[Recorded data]
━━━━━━━━━━━━━━━━━━━━
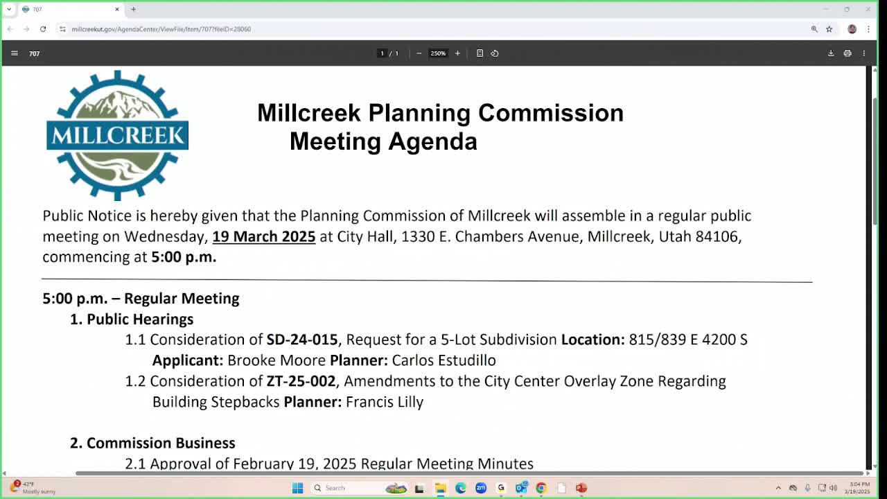 Millcreek planning commission approves five‑lot subdivision SD 24015 with underground utility condition
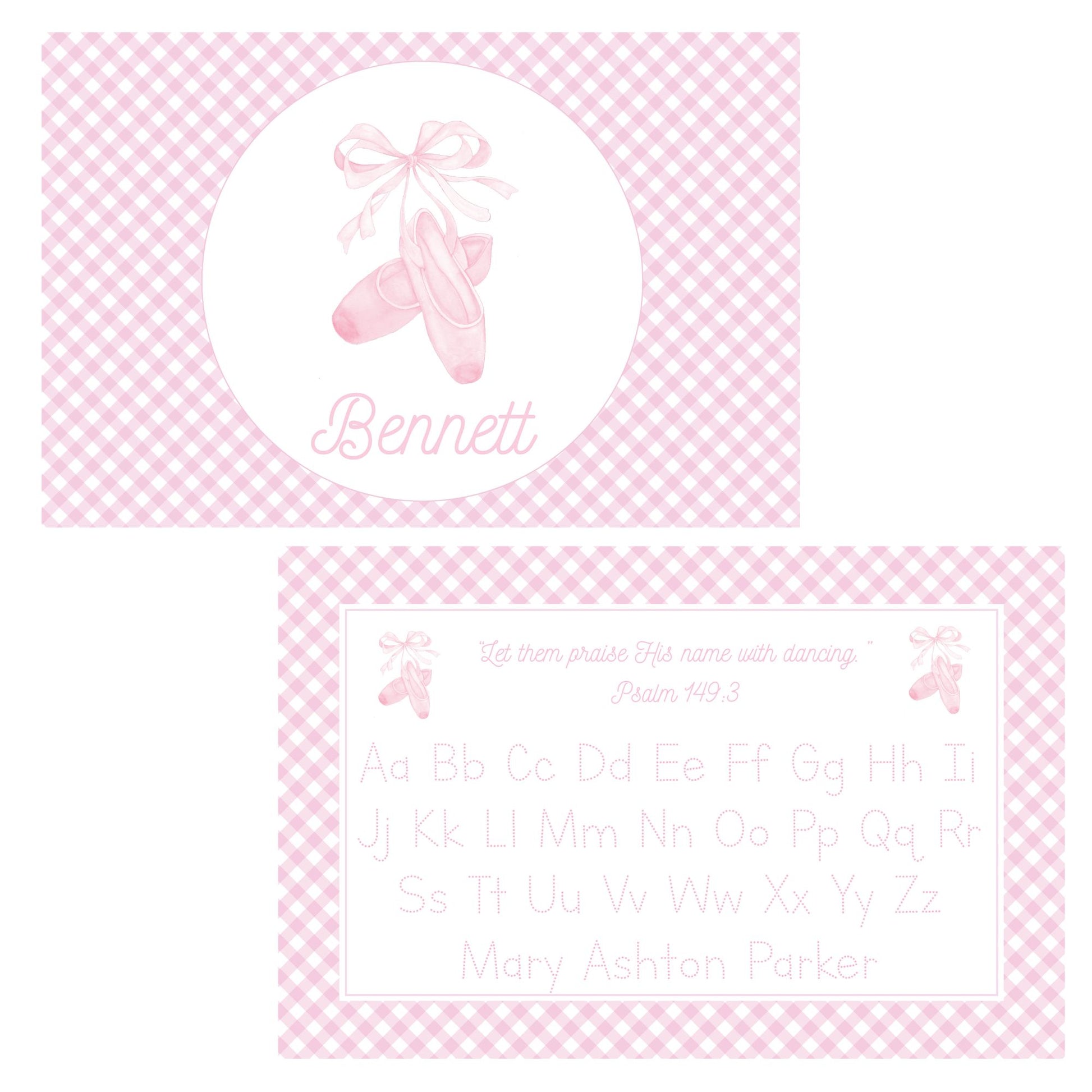 These 11x17 Placemats are pretty and fun. This can come with or without a verse and has letters on the back for practicing her name.
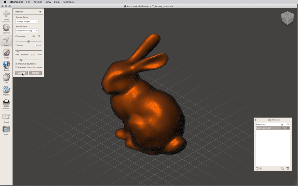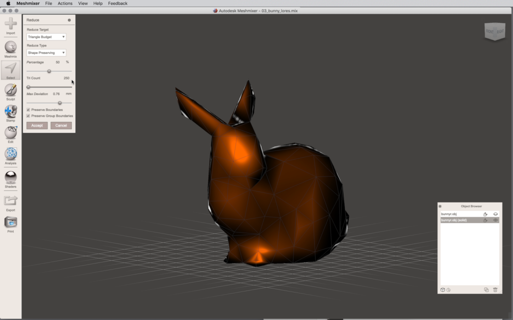 - Try Percentage from the Reduce Target dropout and type in 90 in the Percentage field (the slider is a bit sensitive). In our Bunny, we see just over 8000 faces when we hit Accept, with no appreciable loss of fidelity.
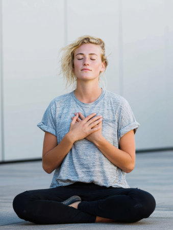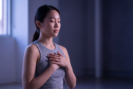 Woman practicing mindfulness with closed eyes, holding her hand on chest, connecting with inner self and finding peace
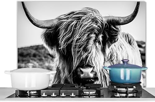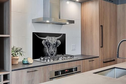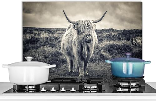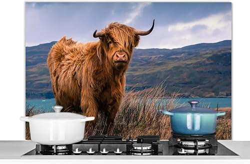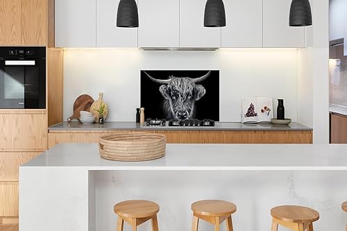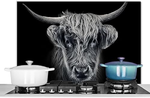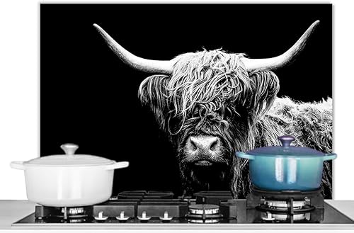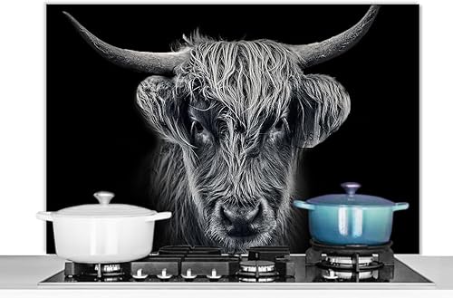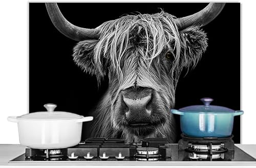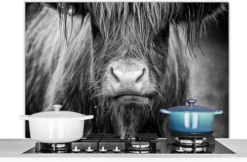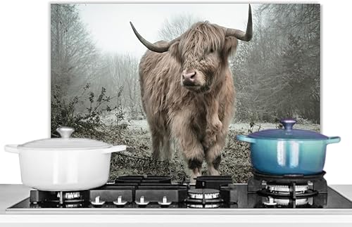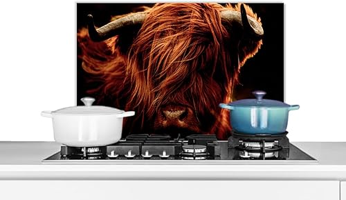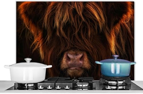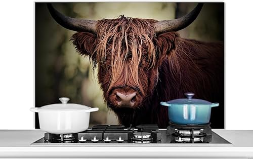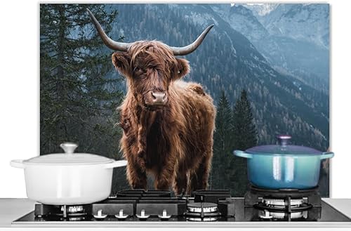 KitchenYeah© Anti Éclaboussure Cuisine 70x50 cm Aluminium Plaque Anti Chaleur Crédence sur Mesure Protection Mur Credence+Cuisine Highlander écossais - Nature - Automne - Animaux - Faune - Forêt
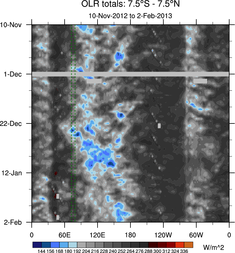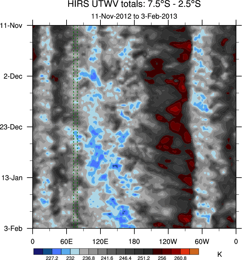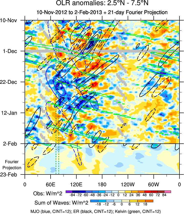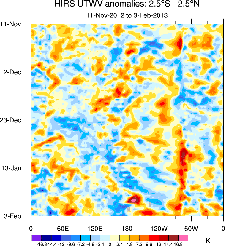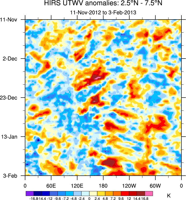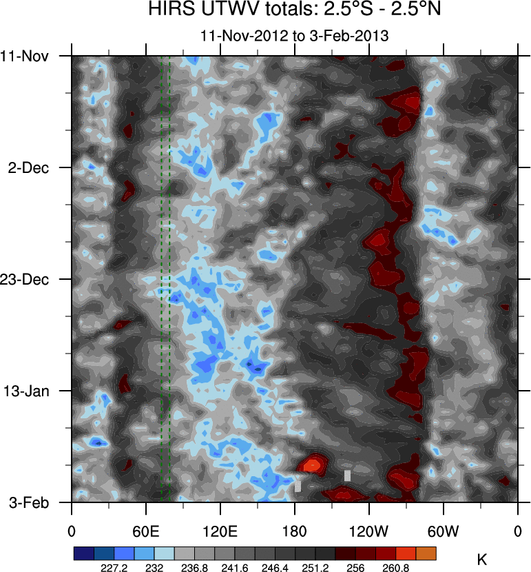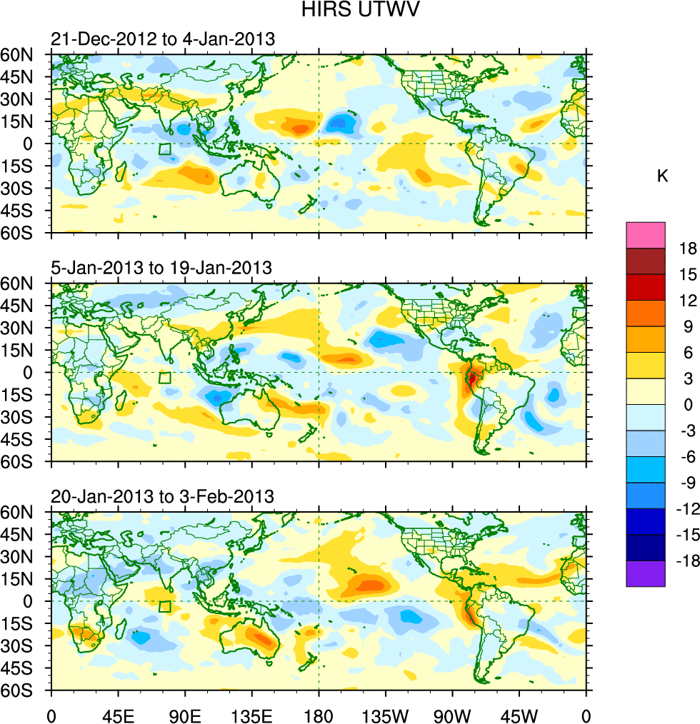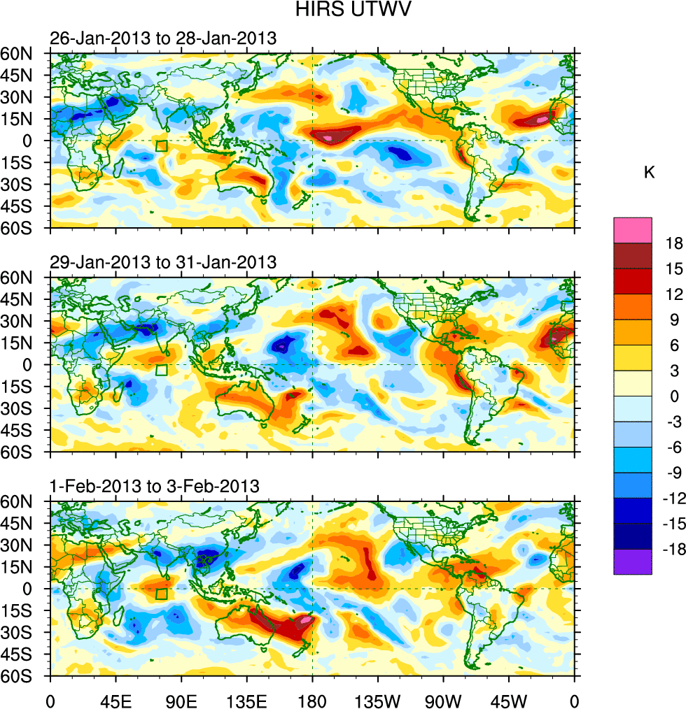 To identify tropical waves in near real-time, the OLR and UTWV data are filtered following Wheeler & Weickmann (2001 MWR). The daily anomalies are calculated using the first 3 harmonics of the seasonal cycle for 1979–2009. Missing values are then filled using linear interpolation in space and time. The most recent 365 days of anomalies are padded with 659 days of zeroes, and the result is filtered for each wave type.
━━━━━━━━━━━━━━━━━━━━
Required action:
Give back the records word for word, without their pictures.

Response to this exercise:
 Millcreek planning commission approves five‑lot subdivision SD 24015 with underground utility condition
 These 11x17 Placemats are pretty and fun. This can come with or without a verse and has letters on the back for practicing her name.
 - Try Percentage from the Reduce Target dropout and type in 90 in the Percentage field (the slider is a bit sensitive). In our Bunny, we see just over 8000 faces when we hit Accept, with no appreciable loss of fidelity.
 Woman practicing mindfulness with closed eyes, holding her hand on chest, connecting with inner self and finding peace
 KitchenYeah© Anti Éclaboussure Cuisine 70x50 cm Aluminium Plaque Anti Chaleur Crédence sur Mesure Protection Mur Credence+Cuisine Highlander écossais - Nature - Automne - Animaux - Faune - Forêt
 To identify tropical waves in near real-time, the OLR and UTWV data are filtered following Wheeler & Weickmann (2001 MWR). The daily anomalies are calculated using the first 3 harmonics of the seasonal cycle for 1979–2009. Missing values are then filled using linear interpolation in space and time. The most recent 365 days of anomalies are padded with 659 days of zeroes, and the result is filtered for each wave type.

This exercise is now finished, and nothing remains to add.